◆ **WHAT YOU HAVE TO DO**
Nothing but the lines from the start of the entries below through the line containing "Wegen des Bolt‑Catch‑Mechanismus" should appear in the answer, copied exactly and free of pictures.

(Beginning of RECORD EXCERPTS)

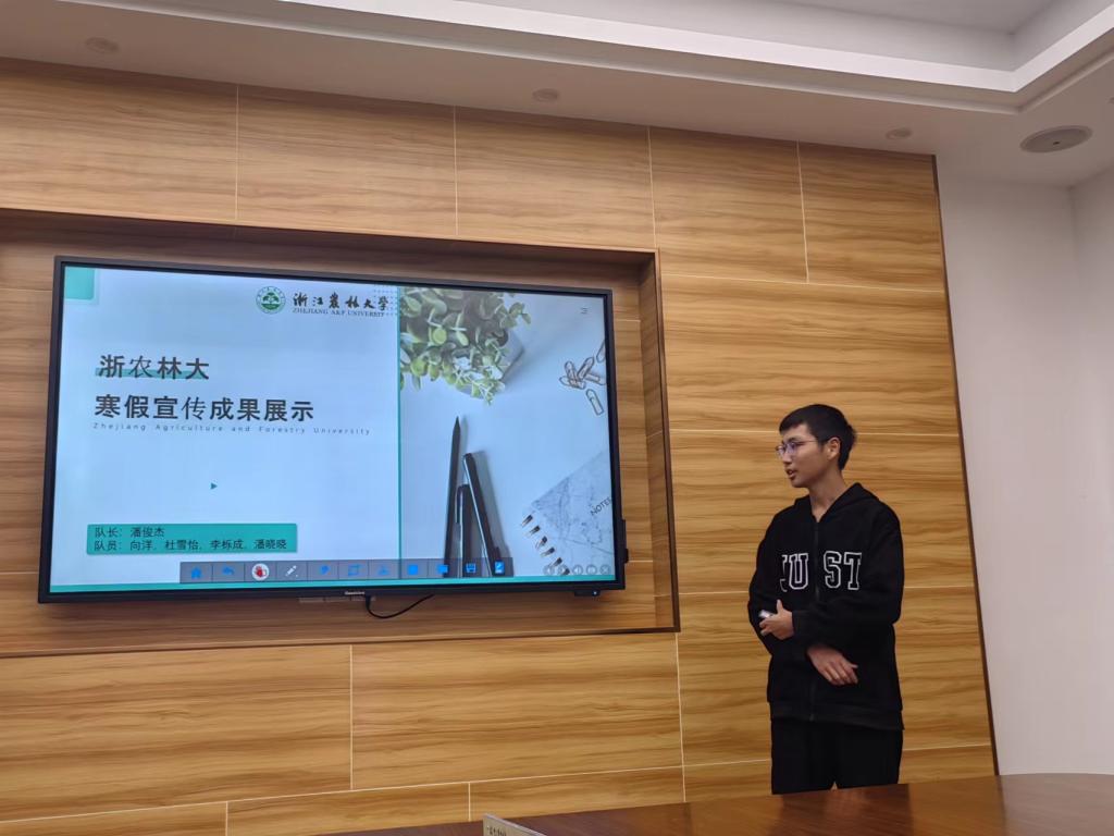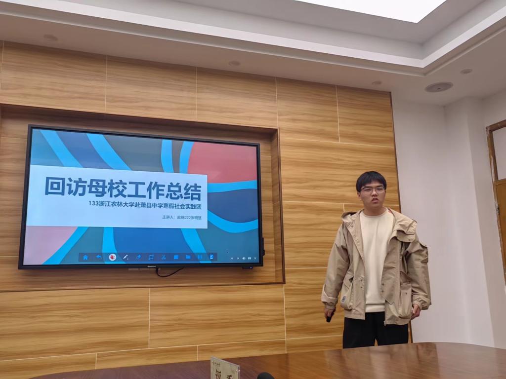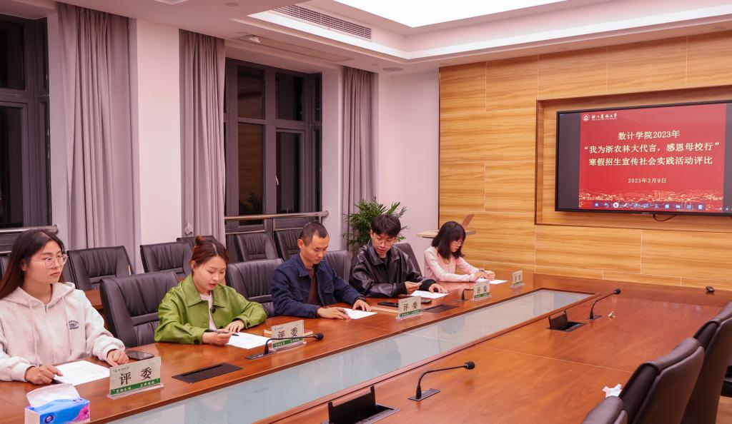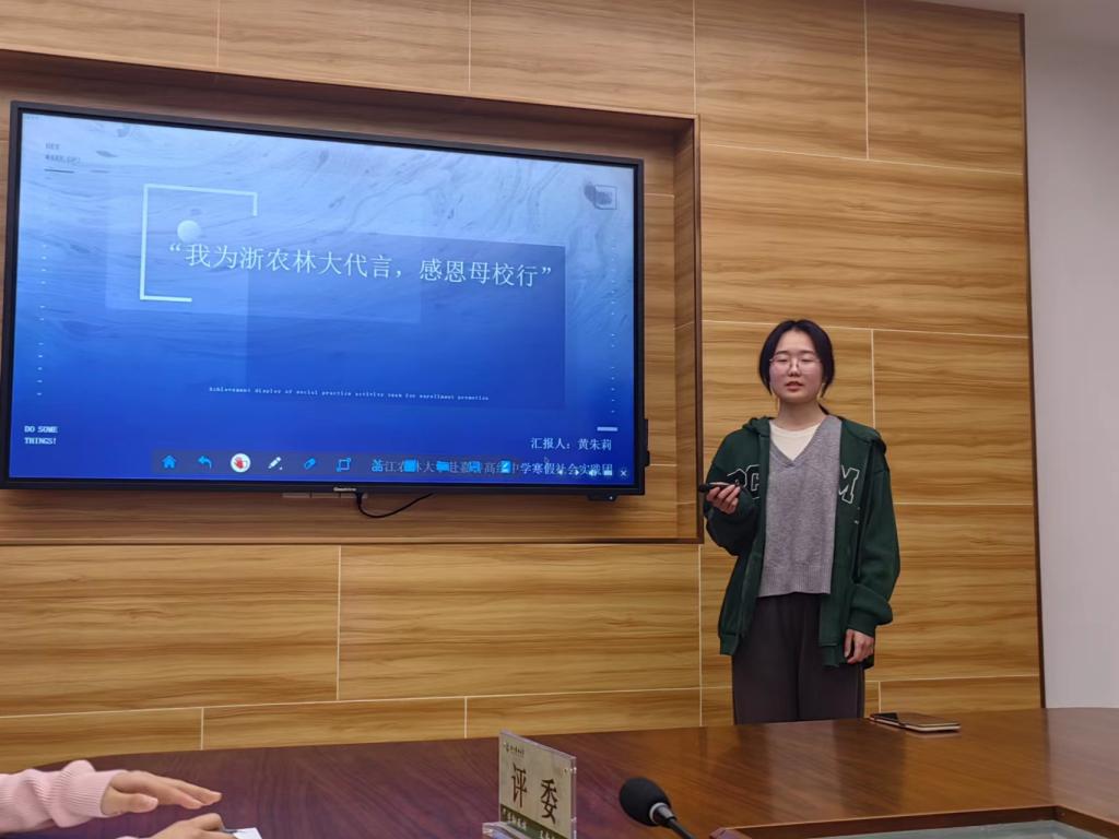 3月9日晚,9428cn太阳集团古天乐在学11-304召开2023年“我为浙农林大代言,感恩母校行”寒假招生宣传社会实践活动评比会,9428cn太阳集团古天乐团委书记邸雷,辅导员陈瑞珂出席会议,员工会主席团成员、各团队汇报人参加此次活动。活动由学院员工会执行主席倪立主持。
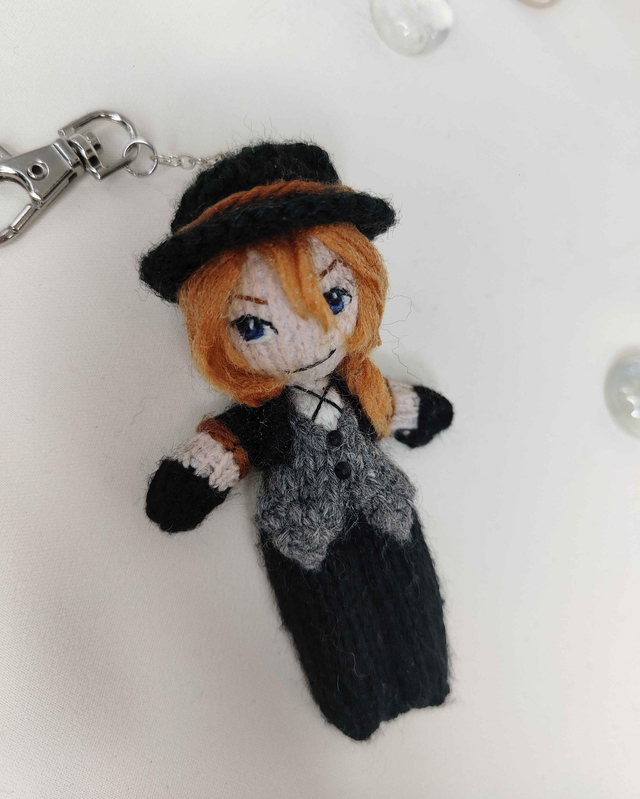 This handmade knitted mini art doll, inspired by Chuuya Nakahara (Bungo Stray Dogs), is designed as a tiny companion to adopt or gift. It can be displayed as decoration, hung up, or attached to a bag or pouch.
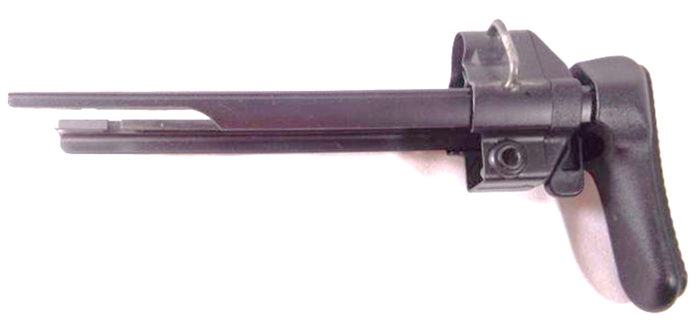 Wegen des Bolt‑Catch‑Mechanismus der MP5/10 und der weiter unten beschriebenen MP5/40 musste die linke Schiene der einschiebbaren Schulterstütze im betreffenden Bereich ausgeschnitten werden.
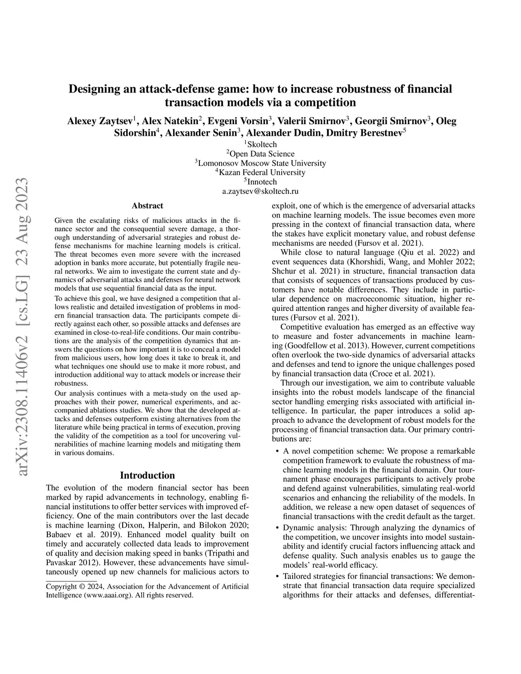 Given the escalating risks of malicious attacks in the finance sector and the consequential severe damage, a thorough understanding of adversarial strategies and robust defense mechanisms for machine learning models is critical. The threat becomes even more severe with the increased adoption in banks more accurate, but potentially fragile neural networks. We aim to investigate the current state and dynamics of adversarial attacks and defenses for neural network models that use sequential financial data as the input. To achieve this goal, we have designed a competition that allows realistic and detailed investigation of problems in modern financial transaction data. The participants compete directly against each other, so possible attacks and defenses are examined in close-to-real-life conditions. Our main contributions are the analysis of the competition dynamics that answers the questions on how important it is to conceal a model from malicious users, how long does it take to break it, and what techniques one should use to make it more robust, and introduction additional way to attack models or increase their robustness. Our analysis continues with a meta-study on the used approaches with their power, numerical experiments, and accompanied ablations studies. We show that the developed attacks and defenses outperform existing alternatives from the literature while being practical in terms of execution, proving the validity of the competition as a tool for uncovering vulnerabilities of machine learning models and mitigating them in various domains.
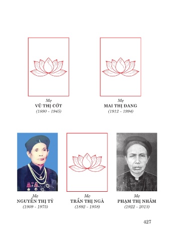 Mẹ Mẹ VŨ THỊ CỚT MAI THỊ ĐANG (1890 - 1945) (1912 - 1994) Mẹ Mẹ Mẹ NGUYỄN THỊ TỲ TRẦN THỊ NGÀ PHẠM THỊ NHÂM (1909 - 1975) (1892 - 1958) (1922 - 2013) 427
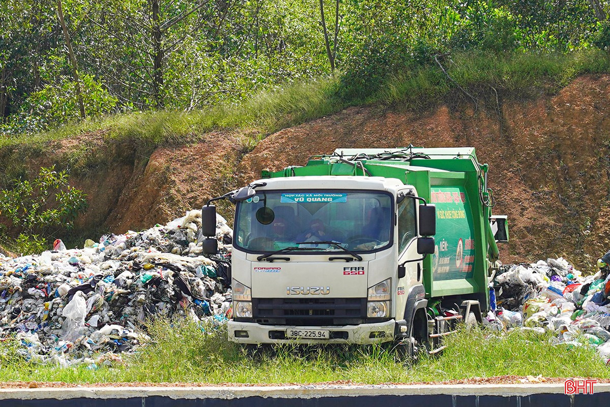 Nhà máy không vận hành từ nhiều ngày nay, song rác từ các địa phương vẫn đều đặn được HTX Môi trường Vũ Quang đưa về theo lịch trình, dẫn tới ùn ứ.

(End of RECORD EXCERPTS)

◆ **TASK ANSWER**
 3月9日晚,9428cn太阳集团古天乐在学11-304召开2023年“我为浙农林大代言,感恩母校行”寒假招生宣传社会实践活动评比会,9428cn太阳集团古天乐团委书记邸雷,辅导员陈瑞珂出席会议,员工会主席团成员、各团队汇报人参加此次活动。活动由学院员工会执行主席倪立主持。
 This handmade knitted mini art doll, inspired by Chuuya Nakahara (Bungo Stray Dogs), is designed as a tiny companion to adopt or gift. It can be displayed as decoration, hung up, or attached to a bag or pouch.
 Wegen des Bolt‑Catch‑Mechanismus der MP5/10 und der weiter unten beschriebenen MP5/40 musste die linke Schiene der einschiebbaren Schulterstütze im betreffenden Bereich ausgeschnitten werden.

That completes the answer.